Wenn eine Ärztin einen Arztroman pardon Ärztinnenroman verfasst, kann man davon ausgehen, dass alle medizinischen Details stimmig und korrekt wiedergegeben werden. Im vorliegenden Buch, dem Debütroman der Autorin, geht das sogar soweit, dass durchgängig die häufig verwendeten Fachbegriffe in Fußnoten erläutert werden, dies jedoch ebenso humorvoll wie der gesamte Roman.
In diesem geht es um Nicki, die ihren Dienst an einer Rettungsstelle einer großen Berliner Klinik aufnimmt. Dieser Dienst umfasst ständige Überstunden, Nachtschichten, Hektik und Hetze, verlangt schnelle Entscheidungen, oft über Leben und Tod und führt zu vielen skurrilen Begegnungen.

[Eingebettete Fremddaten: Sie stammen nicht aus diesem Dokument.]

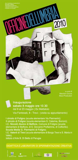 Il progetto si concluderà con l’inaugurazione di due mostre autonome il giorno sabato 8 maggio. Le opere realizzate dai ragazzi saranno infatti esposte nella mostra OFFICINEDELLUMBRIA 2010 presso l’Ex Mattatoio di Trevi, mentre i lavori degli artisti saranno visibili in Premiata Officina Trevana presso il Centro d’arte contemporanea Palazzo Lucarini Contemporary. Quest’ultima mostra è la grande mostra collettiva che chiude il processo iniziato con OFFICINEDELLUMBRIA 2010 coinvolgendo tutti gli artisti che hanno guidato i laboratori didattici. Una mostra unica nel suo genere, che ogni anno rinnova il binomio tra sperimentazione artistica e talent-scouting. Incubatrice di giovani talenti, Premiata Officina Trevana si conferma una ricognizione puntuale del panorama artistico nazionale. Un immancabile punto di riferimento per le tendenze più innovative della creatività, animate da un autentico spirito di ricerca. In mostra circa venti artisti, diversi per provenienza, formazione ed anagrafe: Oscar Accorsi, Rebecca Agnes, Alessia Armeni, Luca Bertini, Alessio Biagiotti, conceptinprogress, DDM, :esibisco., Franco Fiorillo, Armida Gandini, Piotr Hanzelewicz, IMPOSSIBLE SITES dans la rue, Giorgio Lupattelli, Paride Petrei, Giovo Piacentini, Gino Sabatini Odoardi, Studio ++, Lisa Wade. |

Das fängt schon mit dem Oberarzt an, der sie an ihrem ersten Tag gleich mit platten Witzen begrüßt und sie dann ihrem Schicksal überlässt. Zum Glück findet Nicki in den Kolleg:innen und dem Pflegepersonal viele nette und hilfsbereite Menschen, so dass zwischen ihnen im Laufe der Monate Freundschaften entstehen.
Zum Glück, dann für ein Privatleben bleibt ihr kaum Zeit, sehr zum Leidwesen ihrer Mutter. Nicki lebt nur noch zwischen Dienst und Bett, durch die Schichtarbeit, die vielen Überstunden ist sie ständig müde, verliert den Kontakt zu ihrem bisherigen sozialen Umfeld und bekommt kaum noch mit, was um sie herum geschieht. Und dann Klischee lässt grüßen verliebt sie sich auch noch in besagten Oberarzt.

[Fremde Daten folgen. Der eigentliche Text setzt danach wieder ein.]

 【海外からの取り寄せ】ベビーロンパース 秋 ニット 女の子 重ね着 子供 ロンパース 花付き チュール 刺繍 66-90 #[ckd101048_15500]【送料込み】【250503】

Soweit, so unterhaltsam. Eva Mirasol hat einen locker-flockigen Schreibstil, voller Tempo und Temperament, mit vielen sehr witzigen, teils sarkastischen Dialogen. Dazu kommt eine Heerschar an echten und eingebildeten Kranken, denen die Hauptfigur Nicki mal mit Spott, mal mit Verständnis begegnet. Die vielen Figuren fast ausschließlich Krankenhauspersonal sind meist sympathisch dargestellt, jedoch fehlt allen, egal ob Protagonistin oder Nebenfigur, der Hintergrund, die eigene Geschichte komplett. Alle Charaktere des Buchs existieren lediglich im hier und jetzt.
Dazu hat man zu Beginn des Buchs das Gefühl, das Ganze ist eher eine Aneinanderreihung von einzelnen Begebenheiten, ausgewählt nach dem Grad ihrer Skurrilität. Erst spät, nach der Hälfte des Romans, entsteht so etwas wie ein Gesamtplot, eine sich durchziehende Handlung, die den Rahmen bildet. Das ist dann die Liebesgeschichte mit Hindernissen, die aber doch nur eine Nebenrolle spielt. Haupthandlung bleiben die Erlebnisse in der Rettungsstelle, die wie erwähnt sehr anschaulich und lebensnah beschrieben werden, immer mit einem leichten Augenzwinkern. Manchmal war mir das dann doch ein bisschen zu oberflächlich, an anderer Stelle hätte ich mir mehr Tiefgang, ruhigeres Erzählen gewünscht. So blieb der Roman eher unterhaltsam als emotional.